Politically Correct Punditry

The comment of newly-anointed editor of WINE magazine, Christian Eedes, that “the international acclaim Bordeaux-style red blend MR Mveme [sic] Raats De Compostella currently attracts might be due to the picture-perfect collaboration between a white and a black winemaker as much as wine quality” went down like a drol in the fermentation tank. This reported on his Gulp! blog the day it was revealed that another gastronomic guru, political pundit and motorcar maven David Bullard had been separated from his column for perceived racism.

Mvemve & Raats

But is the Christian contention true? Certainly the 93 point (out of 100) Wine Spectator rating for the De Compostella ’05 is no affirmative action statement as the Speccie rates their wines blind. And the observation that the previous vintage attracted the same stellar score, supports the inherent quality argument.

But that said, when wined and dined by the BBC last month on suitable subjects for an upcoming wine documentary, the director’s mantra “but is he black?” became quite tedious when I suggested winemakers with names like “Johan Kruger” and “Duncan Savage” worth featuring. Which confirms the point I think Mr. Eedes was making, that SA wine has an inescapable cultural context.

Yet another reason for tasting wines blind if you feel the urge to rate them. The debate still rages in the SA wine spitoon as to the merits of sighted versus blind tastings with increasingly bizarre arguments advanced in favour of Peek-a-Boo Pundity.

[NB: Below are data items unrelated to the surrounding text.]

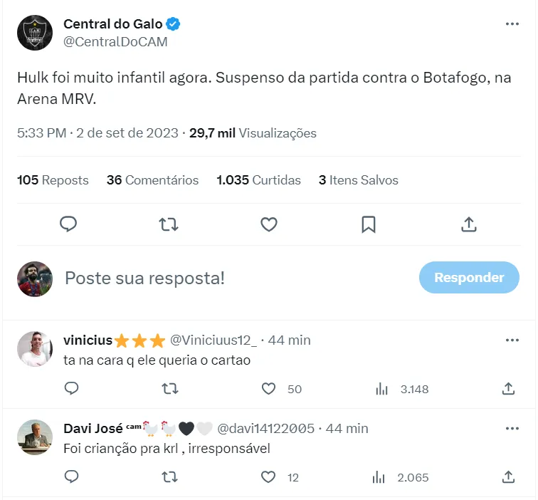 Na web, torcedores do clube mineiro não gostaram nada da atitude de Hulk, uma vez que o próximo jogo é de enorme importância para o Galo, que, se perder, pode se distanciar ainda mais da zona de classificação para a Libertadores..
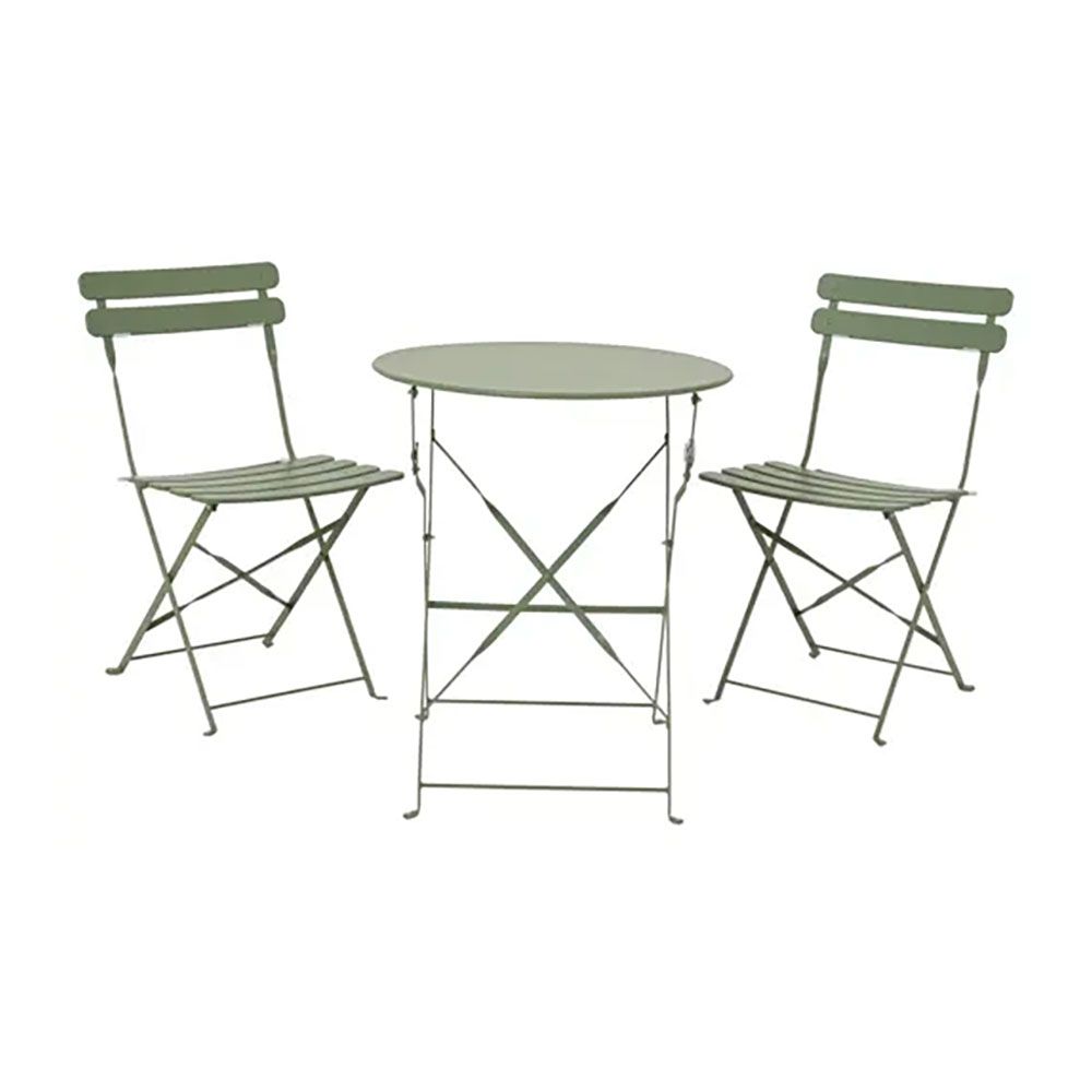 Conjunto de mesa y 2 sillas helsingborg, plegables, de acero, verde
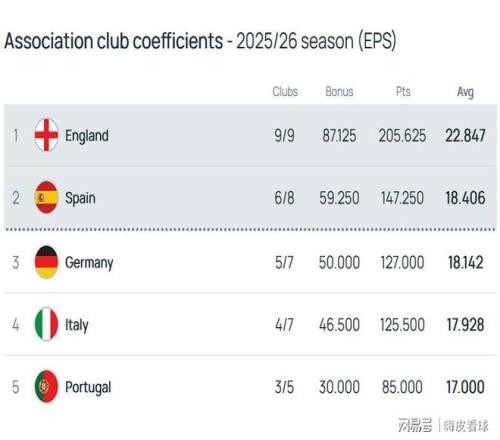 除了英超之外,西甲、德甲和意甲分別排在第二名到第四名,首尾差距不到0.5分,只要比其他聯(lián)賽多一隊晉級下一個階段,就能抹平這個差距。誰能獲得另外一個歐冠獎勵名額,還是有些懸念的,三大聯(lián)賽將會為前兩名展開激烈的爭奪。
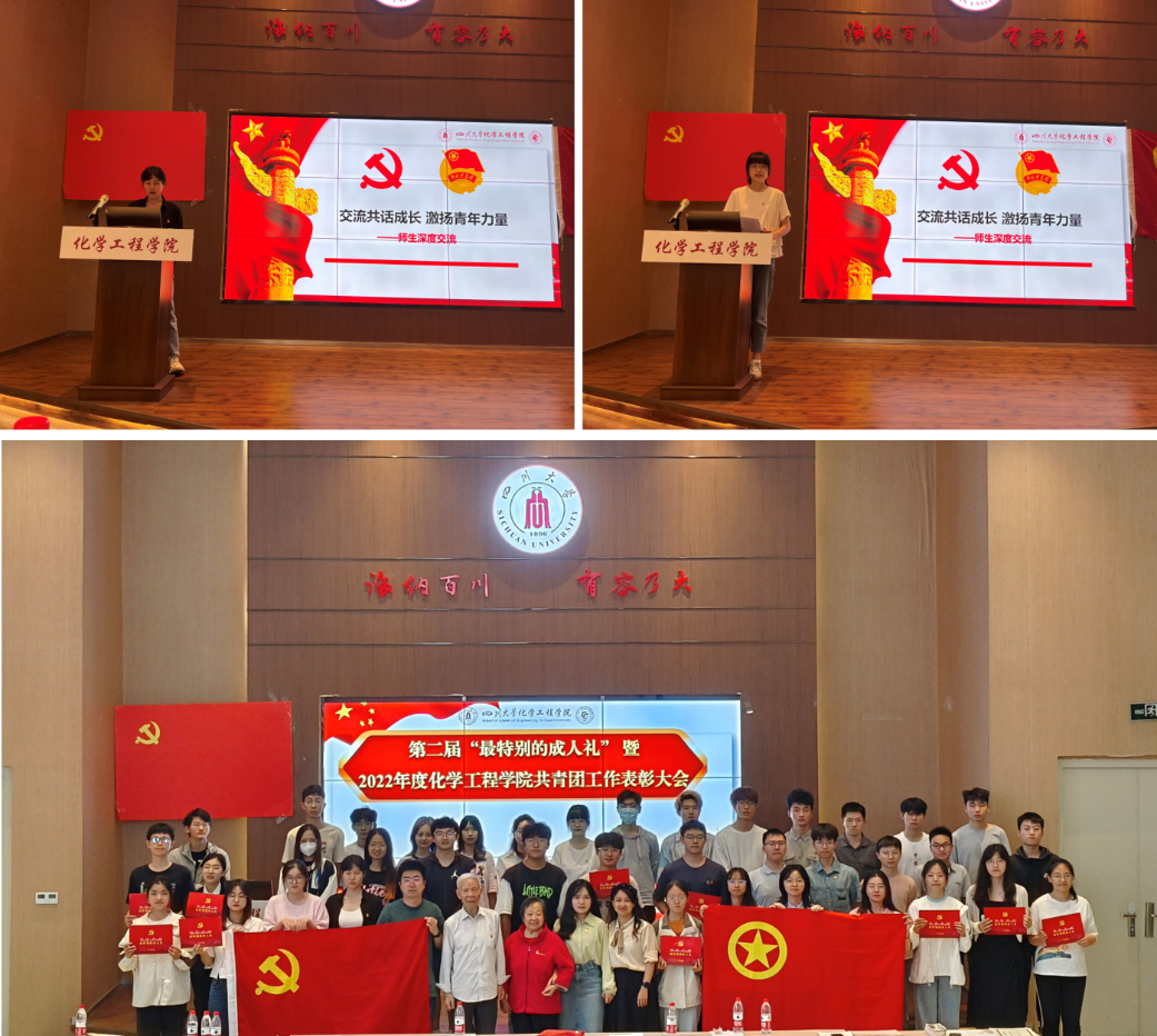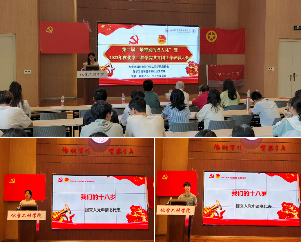 为深入学习贯彻党的二十大精神,树立典型、表彰先进,激励青年奋发向上、勇担使命,为筑牢化工团员使命担当,坚定理想信念,不断锤炼自身,矢志不移向党组织靠拢,德赢AC米兰中国官方网站团委联合本科社区党支部,于5月27日在江安校区西园22舍报告厅隆重举办德赢AC米兰中国官方网站第二届“最特别的成人礼”暨2022年度德赢AC米兰中国官方网站共青团工作表彰大会。校、院关工委梁明征老师、傅运清老师,学院团委书记李珍珍老师、辅导员付率老师、袁玲老师,2022年度学院共青团工作受表彰集体和个人代表,以及2022级团员代表等参与本次大会。

Like the recent one received via e-mail last week: “ratings generated on the basis of blind tastings are utterly impractical – 6000 wines tasted at a rate of 3 minutes per wine would equate to 12.5 consecutive 24-hour days of tasting.”

Quite why blind tastings should take longer than sighted ones (I would have thought the converse rather) is not explained but it is worth pointing out that spending 3 minutes per wine is hopelessly generous – last year a panel under UK wine god Jancis Robinson got through 151 Shirazes at the Trophy Wine Show – that’s over 7½ hours of back-to-back tasting with barely enough time to blow your nose in between glasses.

Of course everyone knows the real reason for Peek-a-boo Punditry: blind panels are sure to “get it wrong” with overpriced fashion statements assigned to the spittoons of the lowly rated and “also tasted” when assessed blind. Financial suicide for those publications depending on producer largesse and red faces all round for the pundits self-tasked with separating quality SA wine drops from the irretrievably ordinary.